<<<<

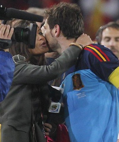 比賽結(jié)束后,身為體育主播的卡西美艷女友自然要采訪西班牙的功臣,訪談結(jié)束后,她在眾目睽睽之下現(xiàn)場(chǎng)為圣卡西送上香吻。
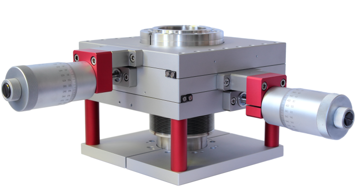 精密十字接头滚柱导轨,采用零背隙设计,无滑粘效应,导轨与驱动部件无磨损、免维护。结构稳定,可大幅降低压力变化带来的位置偏移,搭配大尺寸转轴千分尺螺丝,操作便捷、读数清晰。配备双向刻度,X、Y 向最大行程可同时充分利用,带通孔连接法兰与螺纹孔可移动法兰,适配精密定位与高精度运动场景。
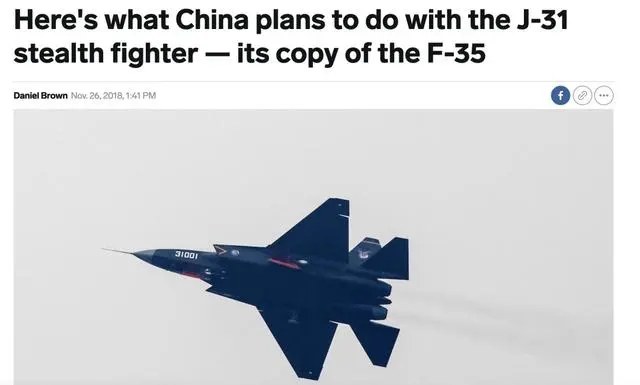 《Business Insider》:中国的J31战斗机抄袭美国的F35
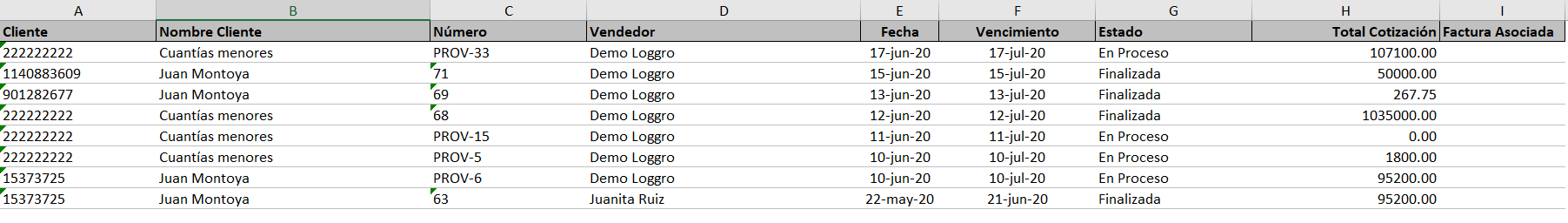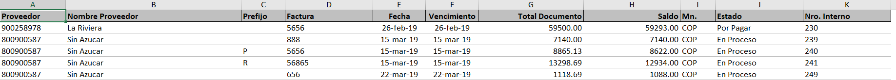 Para el ejemplo anterior se exportaría en excel el archivo con las facturas vencidas como se muestra a continuación.
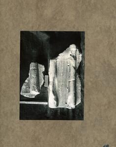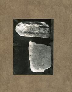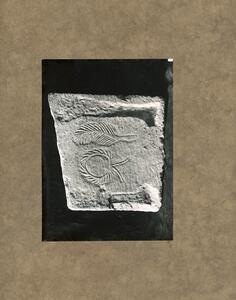Part of the collection of images, 1906-1910, of the British School at Athens excavations at Sparta, Laconia. The original description in the SPHS register reads: "Sparta, Orthia site (1906-10). Limestone slab with drawing of ship, a marble relief of Trophy".
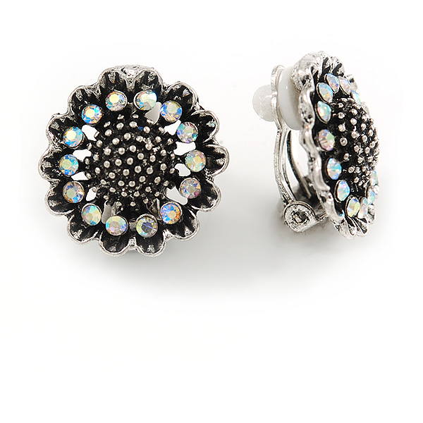 Complete your outfits in pure glamour with these Vintage Inspired AB Crystal Sunflower Floral Clip On Earrings In Aged Silver Tone.
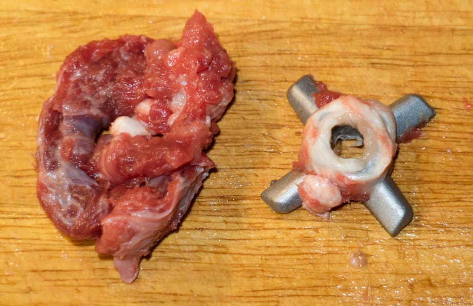 После разборки мясорубки мы обнаружили внутри малое количество не попавшего на ножи мяса и немного жилок, намотавшихся на шнек.
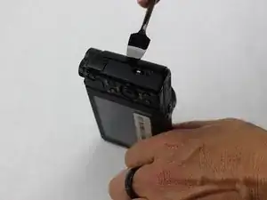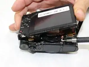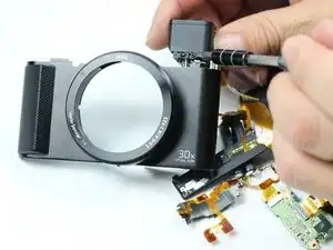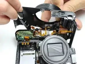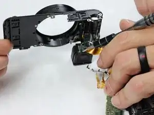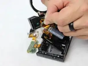 Аккуратно оттяните печатную плату от верхней панели камеры. Верхняя панель будет отсоединена от остальной части корпуса. Снятие верхней части камеры облегчит доступ к видоискателю.
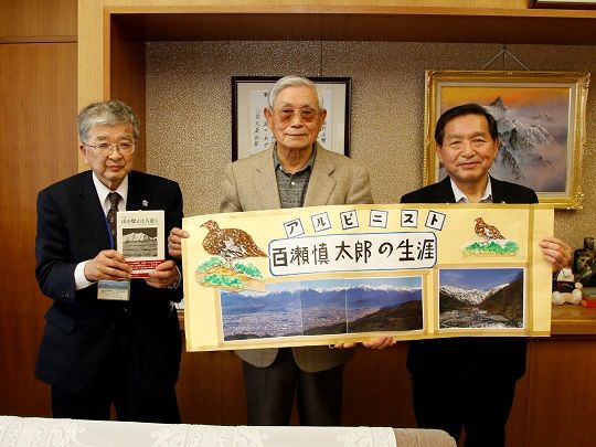 吉澤さんは、大町登山案内人組合(設立当時は大町登山案内者組合)を設立した百瀬慎太郎について記載された本『山を想えば人恋し』を読んで感銘を受け、資料作成に乗り出したといいます。資料は縦40cm、横1.1mのクラフト紙10枚に、手書きで百瀬慎太郎の伝記などが記されています。資料は、市内の学校で活用する予定です。
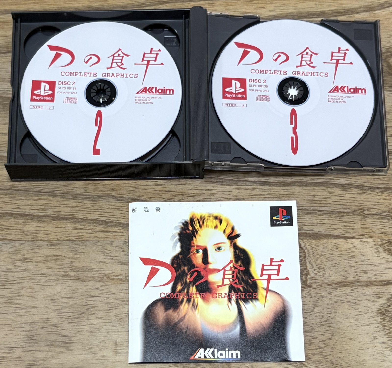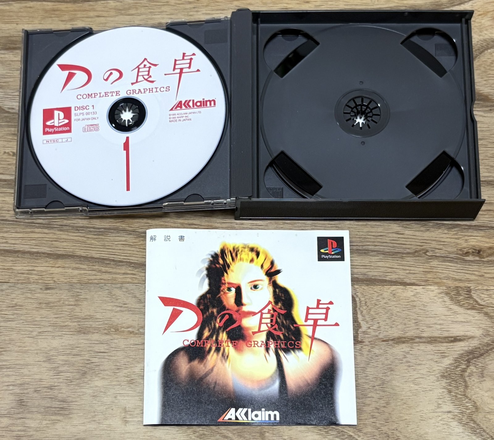 D no Shokutaku Complete Graphics (Dの食卓 COMPLETE GRAPHICS) is the PS1 port of D the twisted horror game / interactive movie. Violent, weird, terrifying, classic. Game is in Japanese but there is not much actual dialog. The graphics were updated to take advantage of the PS1 hardware, but it was released late and in very limited quantities due to Sony not printing enough to fill the original order this upset Kenji Eno so much he never released a game on a Sony platform again.
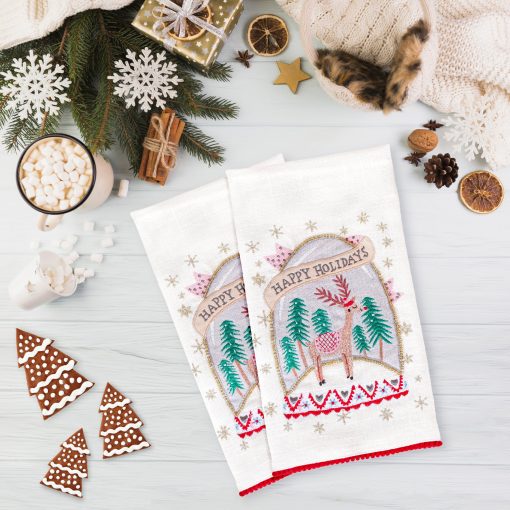 18 in. HGTV Home Collection Christmas Snow Globe Guest Towel Pair
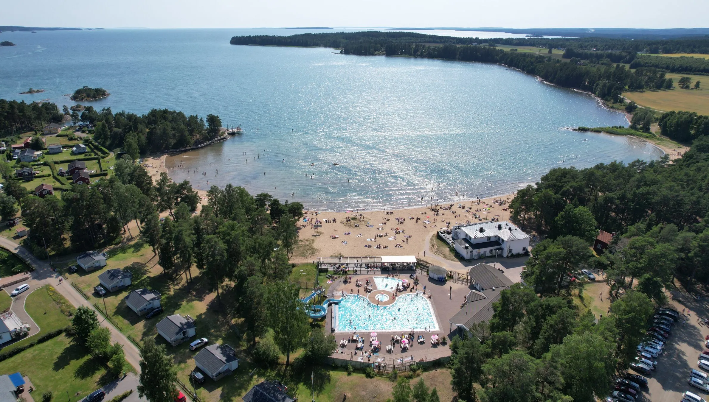 Wenn Sie gerne schwimmen, ist Harge der richtige Ort dafür. In Hargebaden können Sie sich in den flachen Gewässern vergnügen, vom Sprungturm eintauchen oder in unserem beheizten Pool herumplanschen, der auch eine Wasserrutsche umfasst.

>>>>

■ **ACTIVITY**
Restate each record from above word for word, excluding any picture it holds.

■ **EXERCISE RESPONSE**
 比賽結(jié)束后,身為體育主播的卡西美艷女友自然要采訪西班牙的功臣,訪談結(jié)束后,她在眾目睽睽之下現(xiàn)場(chǎng)為圣卡西送上香吻。
 精密十字接头滚柱导轨,采用零背隙设计,无滑粘效应,导轨与驱动部件无磨损、免维护。结构稳定,可大幅降低压力变化带来的位置偏移,搭配大尺寸转轴千分尺螺丝,操作便捷、读数清晰。配备双向刻度,X、Y 向最大行程可同时充分利用,带通孔连接法兰与螺纹孔可移动法兰,适配精密定位与高精度运动场景。
 《Business Insider》:中国的J31战斗机抄袭美国的F35
 Para el ejemplo anterior se exportaría en excel el archivo con las facturas vencidas como se muestra a continuación.
Part of the collection of images, 1906-1910, of the British School at Athens excavations at Sparta, Laconia. The original description in the SPHS register reads: "Sparta, Orthia site (1906-10). Limestone slab with drawing of ship, a marble relief of Trophy".
 Complete your outfits in pure glamour with these Vintage Inspired AB Crystal Sunflower Floral Clip On Earrings In Aged Silver Tone.
 После разборки мясорубки мы обнаружили внутри малое количество не попавшего на ножи мяса и немного жилок, намотавшихся на шнек.
 Аккуратно оттяните печатную плату от верхней панели камеры. Верхняя панель будет отсоединена от остальной части корпуса. Снятие верхней части камеры облегчит доступ к видоискателю.
 吉澤さんは、大町登山案内人組合(設立当時は大町登山案内者組合)を設立した百瀬慎太郎について記載された本『山を想えば人恋し』を読んで感銘を受け、資料作成に乗り出したといいます。資料は縦40cm、横1.1mのクラフト紙10枚に、手書きで百瀬慎太郎の伝記などが記されています。資料は、市内の学校で活用する予定です。
 D no Shokutaku Complete Graphics (Dの食卓 COMPLETE GRAPHICS) is the PS1 port of D the twisted horror game / interactive movie. Violent, weird, terrifying, classic. Game is in Japanese but there is not much actual dialog. The graphics were updated to take advantage of the PS1 hardware, but it was released late and in very limited quantities due to Sony not printing enough to fill the original order this upset Kenji Eno so much he never released a game on a Sony platform again.
 18 in. HGTV Home Collection Christmas Snow Globe Guest Towel Pair
 Wenn Sie gerne schwimmen, ist Harge der richtige Ort dafür. In Hargebaden können Sie sich in den flachen Gewässern vergnügen, vom Sprungturm eintauchen oder in unserem beheizten Pool herumplanschen, der auch eine Wasserrutsche umfasst.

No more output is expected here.